Comissão fixa, base volátil: quanto rende mesmo a IBIT
A receita da IBIT é uma comissão fixa sobre uma base que oscila com o Bitcoin. Em 2026, isso voltou a pôr o fundo de cripto da BlackRock atrás do seu próprio ETF do S&P 500.
Em meados de setembro de 2026, o Bitcoin mudava de mãos perto dos 66 mil euros, cerca de 77 mil dólares, segundo a CoinGecko, e a indústria que mais cresceu na última década voltava a dar sinais de nervos. Depois da série de entradas mais forte do ano no arranque do mês, com um único dia, 3 de setembro, a captar 731 milhões de dólares, dos quais 454 milhões foram só para a IBIT, segundo dados compilados pelo Cryptonomist, os ETF de Bitcoin à vista nos Estados Unidos registaram entre 8 e 12 de setembro a primeira semana de saídas líquidas em várias semanas: cerca de 462 milhões de dólares, sem um único dia positivo, de acordo com a Coinpedia. Por cima de tudo pairava a reunião da Reserva Federal de 16 de setembro, com os mercados a darem cerca de 87% de probabilidade a uma subida de juros, como noticiou a UseTheBitcoin.
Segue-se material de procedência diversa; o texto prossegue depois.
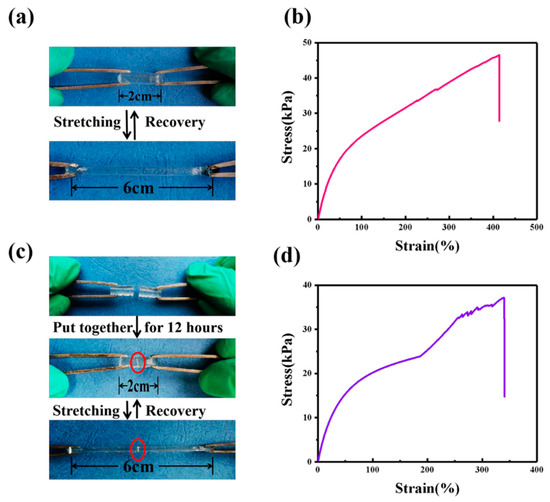 (a) Photographs demonstrating stretching of GPE-ILs. (b) Tensile stress strain of GPE-ILs. (c) Photographs demonstrating self-healing and stretching of GPE-ILs. (d) Tensile stress strain of self-healing GPE-ILs.

Quase toda a cobertura destes produtos faz a mesma pergunta: para onde vai o dinheiro? Este artigo faz outra, menos óbvia e bastante mais reveladora: quanto é que a máquina no centro de tudo isto ganha, de facto? No meio da categoria está a iShares Bitcoin Trust, a IBIT da BlackRock, que sozinha guarda mais de 785 mil Bitcoin e mais de 60 mil milhões de dólares em ativos, segundo o agregador Bitbo, e cobra por isso uma comissão de gestão fixa de 0,25% ao ano.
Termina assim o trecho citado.